Georgia has had a standing Civil War Commission since 1993, but its activities are geared largely to promoting heritage tourism. The Georgia Historical Society has undertaken an inventory "of existing historical markers that focus on Civil War subjects." But $500,000 which had been
earmarked for developing Civil War Sesquicentennial events by the Georgia Department of Economic Development was axed by the Georgia legislature this year, and the Georgia Civil War Commission has no funding available at all for 2011.
The most ambitious state initiatives have been those of Virginia and Pennsylvania. With a $2 million budget, the Virginia "Sesquicentennial of the American Civil War Commission" has created a 2-DVD production, "Virginia in the Civil War: A Sesquicentennial Remembrance,"
and will unroll the second of its planned seven Signature Conferences next month at Norfolk State University around the theme of "Race, Slavery and the Civil War: The Tough Stuff of American History and Memory." The Pennsylvania Civil War 150 is equipping a 53-foot-long tractor-trailer with a "Civil War Road Show" which will make exhibition stops in all 67
Pennsylvania counties. And both Adams County and Gettysburg College have formed Civil War Sesquicentennial committees.
But even these observances are more a glass half-empty than a glass half-full. The Civil War Centennial had the misfortune to occur at the apex of the Civil Rights Movement, and by trying to limit its gaze to what it supposed would be "safe" subjects - battle re-enactments, the re-union of North and South - the Centennial Commission communicated instead a serene indifference to the racial tensions which were rising all around the nation. The Centennial effectively convinced black Americans that the Civil War was not "their" story, and fostered a sense of what one commentator called "emotional alienation" from Civil War history.
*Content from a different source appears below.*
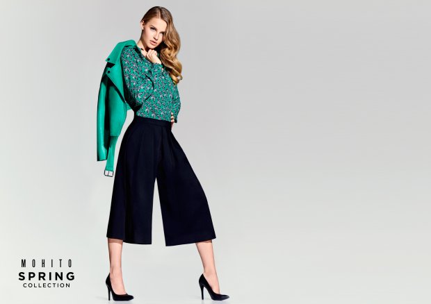 Modele z kolekcji wiosennej wyróżniają klasyczne kobiece fasony, którym charakteru dodają wyraziste zmultiplikowane printy wykorzystujące motyw jaskółek. Projekty przykuwają uwagę również dzięki zastosowanej palecie kolorystycznej, wykorzystującej soczysty zielony oraz przebojowy żółty.

That alienation, in turn, convinced many cautious white Americans that the Civil War was either a sleeping dog which would be best left to lie, or that it was going to have to be dramatically re-written to downplay the battle-and-reunion script.
Trying to retro-fit the Sesquicentennial to avoid these shadows has not, so far, worked very well. The first of the Virginia Sesquicentennial Signature Conferences (at the University of Richmond), which tried to focus on John Brown and Harpers Ferry rather than Marse Robert and Jeb
Stuart, drew a packed house of 2,000 people - but not more than a handful of African Americans. Ohio's Sesquicentennial Civil War Advisory Committee proclaimed its determination "to include a variety of perspectives and a diversity of viewpoints" in order to "embrace the inclusive story of the Civil War." But the Commission was flummoxed at its July meeting by just
how "inclusive" it should be. "Many Ohioans didn't fight for the Union," it was objected, "they fought for or supported the South;" so, commissioners asked each other, "do we want to include this aspect of the legacy?"
There is much to celebrate in the 150th anniversary of the Civil War. There is also a great deal of anger and disappointment, and in some places, downright contempt. The Civil War re-enactment community mistrusts academic Civil War historians; the academics, in turn, are regarded by the
public historians as gate-crashers of their collections and exhibitions; public historians suspect relic and memorabilia dealers of piracy; and the general public seems interested in history only when it's painted-up in bizarre, horror-movie formats. These are all obstacles in the path of a
worthwhile Sesquicentennial. But the greatest challenge of the Sesquicentennial will be how to synthesize the Civil War's "old" story of battles-and-reunion with the Civil War's "new" story of race and gender.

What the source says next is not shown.